__PROBLEM__
Please reproduce all of the data below exactly, leaving each picture out.
◆ ◆ ◆ ◆ ◆ ◆ ◆
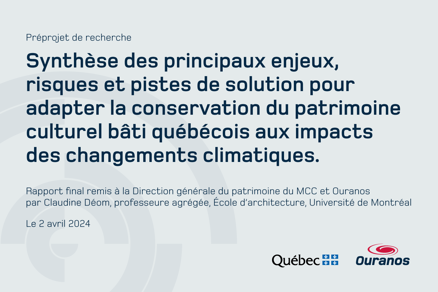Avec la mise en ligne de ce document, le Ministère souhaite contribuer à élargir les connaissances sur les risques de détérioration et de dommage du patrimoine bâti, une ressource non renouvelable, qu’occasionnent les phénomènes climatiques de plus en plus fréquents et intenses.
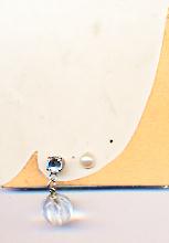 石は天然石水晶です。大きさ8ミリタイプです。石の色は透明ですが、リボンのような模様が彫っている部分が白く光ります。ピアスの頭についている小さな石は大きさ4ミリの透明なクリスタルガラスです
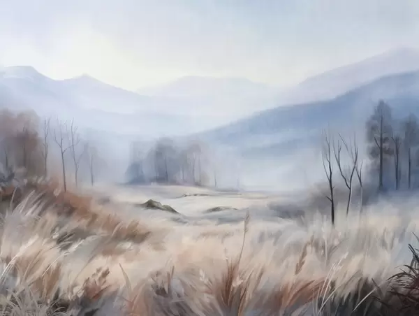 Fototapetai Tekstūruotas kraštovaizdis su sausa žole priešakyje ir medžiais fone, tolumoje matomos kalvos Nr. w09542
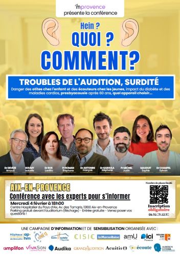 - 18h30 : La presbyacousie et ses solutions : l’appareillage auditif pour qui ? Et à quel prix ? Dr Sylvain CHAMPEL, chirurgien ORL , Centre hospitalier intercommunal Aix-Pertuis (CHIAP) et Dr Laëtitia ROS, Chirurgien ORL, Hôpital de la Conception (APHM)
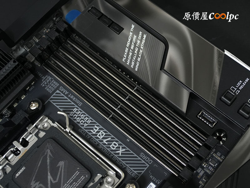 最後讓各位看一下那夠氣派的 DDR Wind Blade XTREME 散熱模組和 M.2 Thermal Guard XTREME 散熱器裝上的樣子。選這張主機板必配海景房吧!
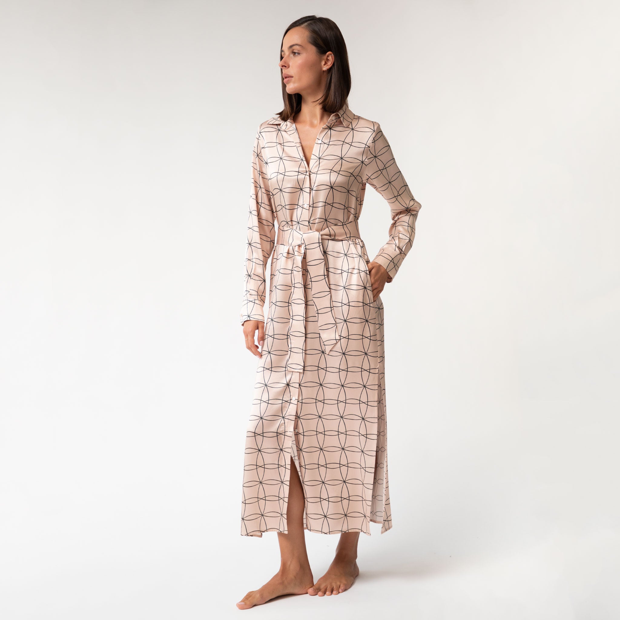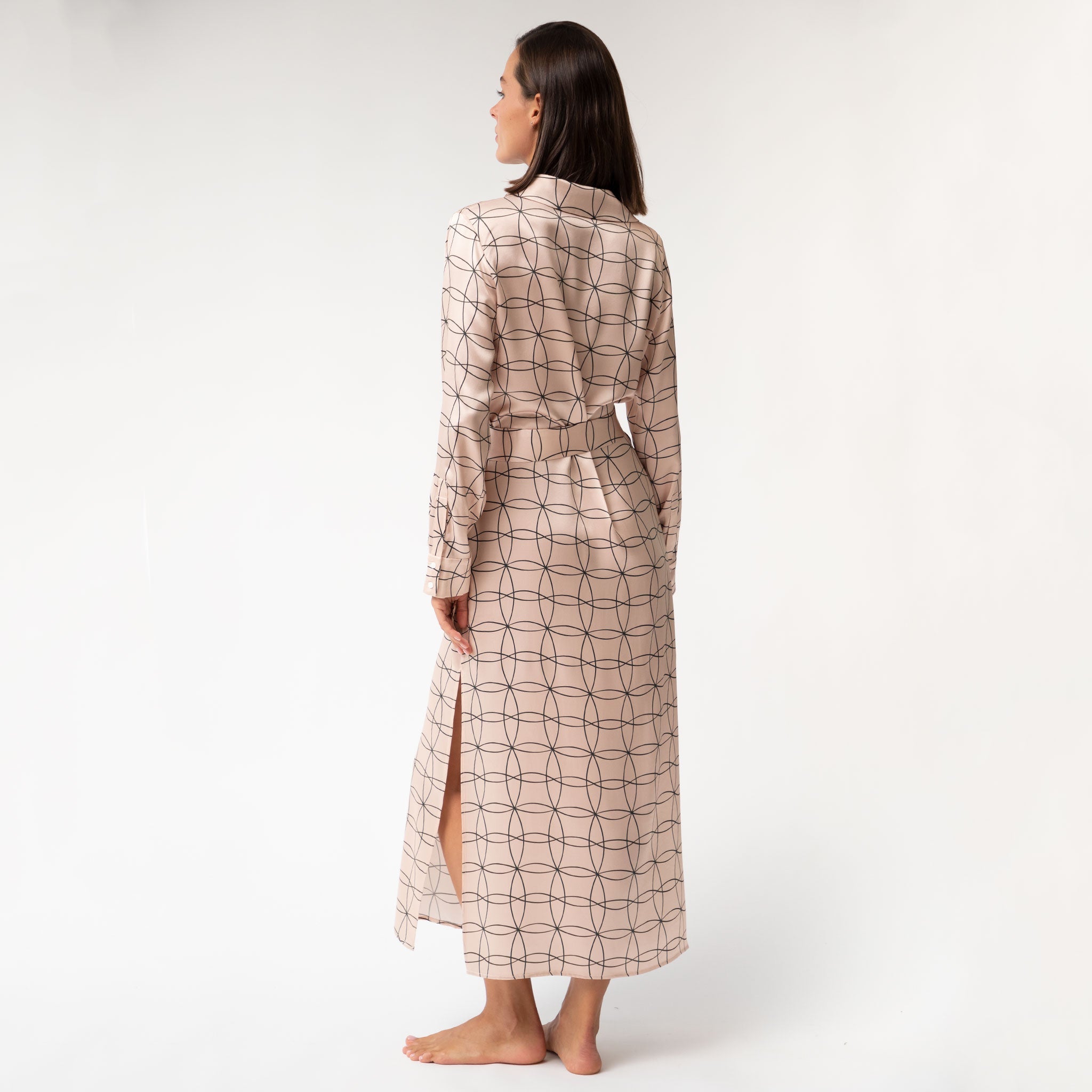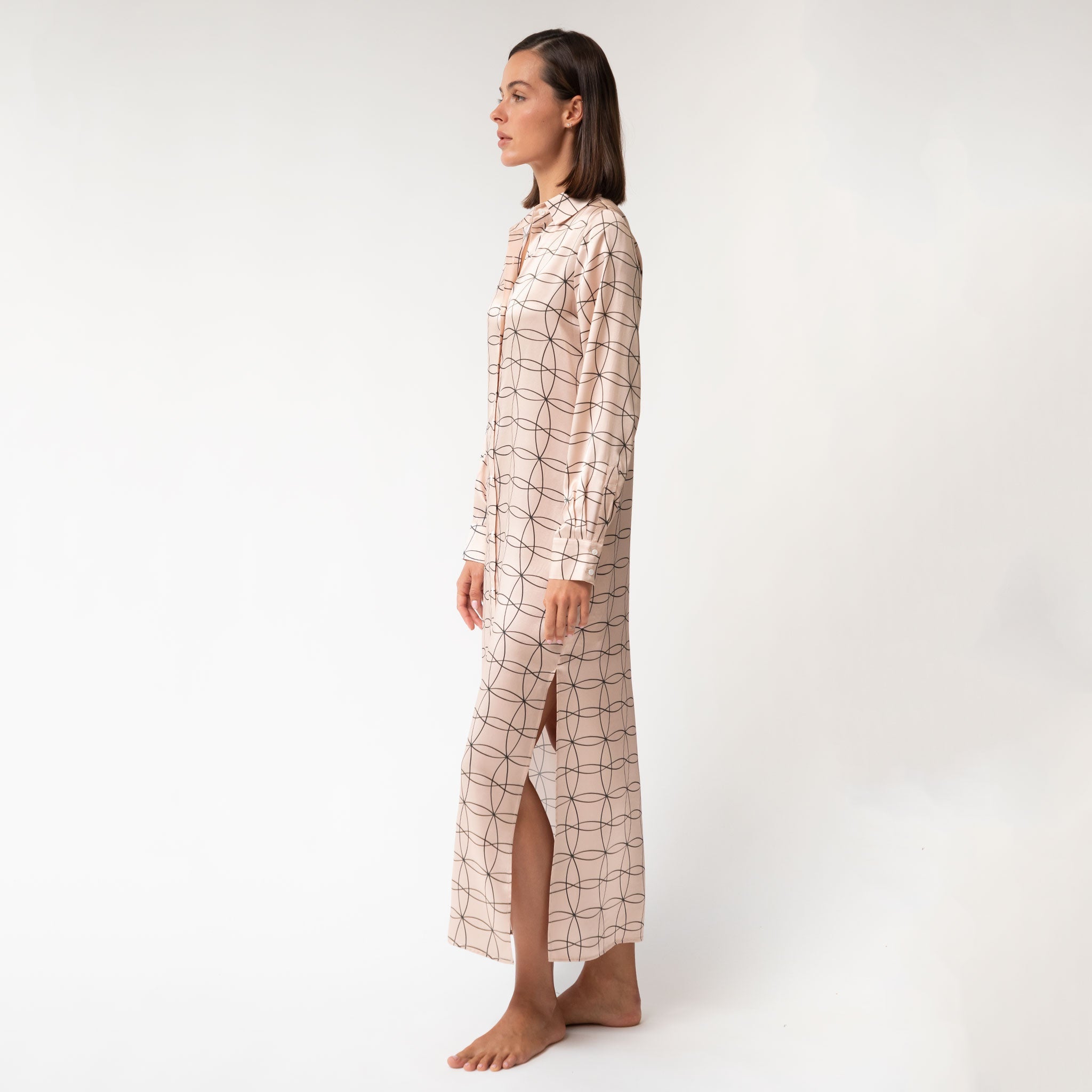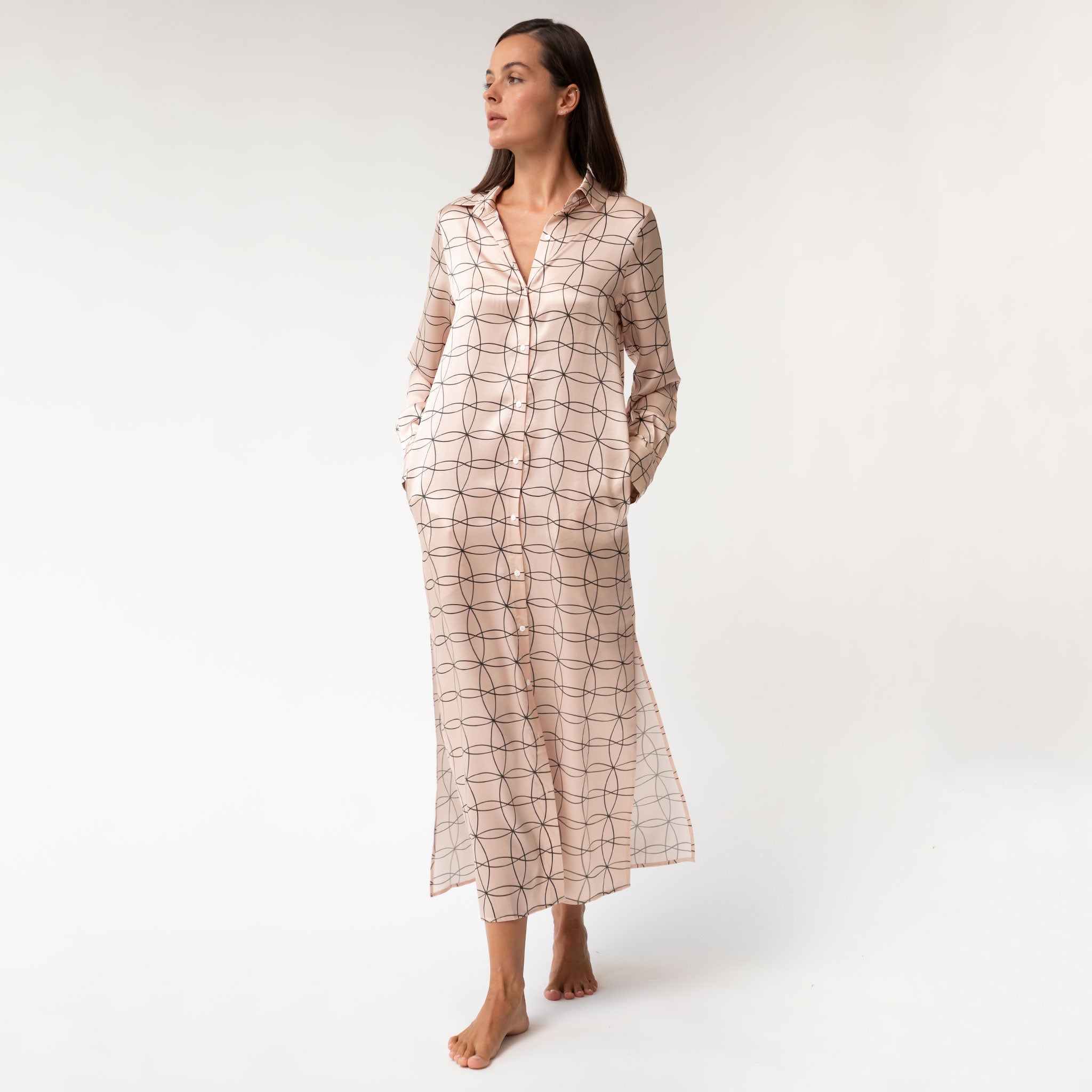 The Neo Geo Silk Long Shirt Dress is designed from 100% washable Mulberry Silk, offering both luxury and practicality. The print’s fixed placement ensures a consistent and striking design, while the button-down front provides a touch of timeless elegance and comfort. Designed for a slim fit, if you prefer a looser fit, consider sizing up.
◆ ◆ ◆ ◆ ◆ ◆ ◆
__OUTPUT__
Avec la mise en ligne de ce document, le Ministère souhaite contribuer à élargir les connaissances sur les risques de détérioration et de dommage du patrimoine bâti, une ressource non renouvelable, qu’occasionnent les phénomènes climatiques de plus en plus fréquents et intenses.
 石は天然石水晶です。大きさ8ミリタイプです。石の色は透明ですが、リボンのような模様が彫っている部分が白く光ります。ピアスの頭についている小さな石は大きさ4ミリの透明なクリスタルガラスです
 Fototapetai Tekstūruotas kraštovaizdis su sausa žole priešakyje ir medžiais fone, tolumoje matomos kalvos Nr. w09542
 - 18h30 : La presbyacousie et ses solutions : l’appareillage auditif pour qui ? Et à quel prix ? Dr Sylvain CHAMPEL, chirurgien ORL , Centre hospitalier intercommunal Aix-Pertuis (CHIAP) et Dr Laëtitia ROS, Chirurgien ORL, Hôpital de la Conception (APHM)
 最後讓各位看一下那夠氣派的 DDR Wind Blade XTREME 散熱模組和 M.2 Thermal Guard XTREME 散熱器裝上的樣子。選這張主機板必配海景房吧!
 The Neo Geo Silk Long Shirt Dress is designed from 100% washable Mulberry Silk, offering both luxury and practicality. The print’s fixed placement ensures a consistent and striking design, while the button-down front provides a touch of timeless elegance and comfort. Designed for a slim fit, if you prefer a looser fit, consider sizing up.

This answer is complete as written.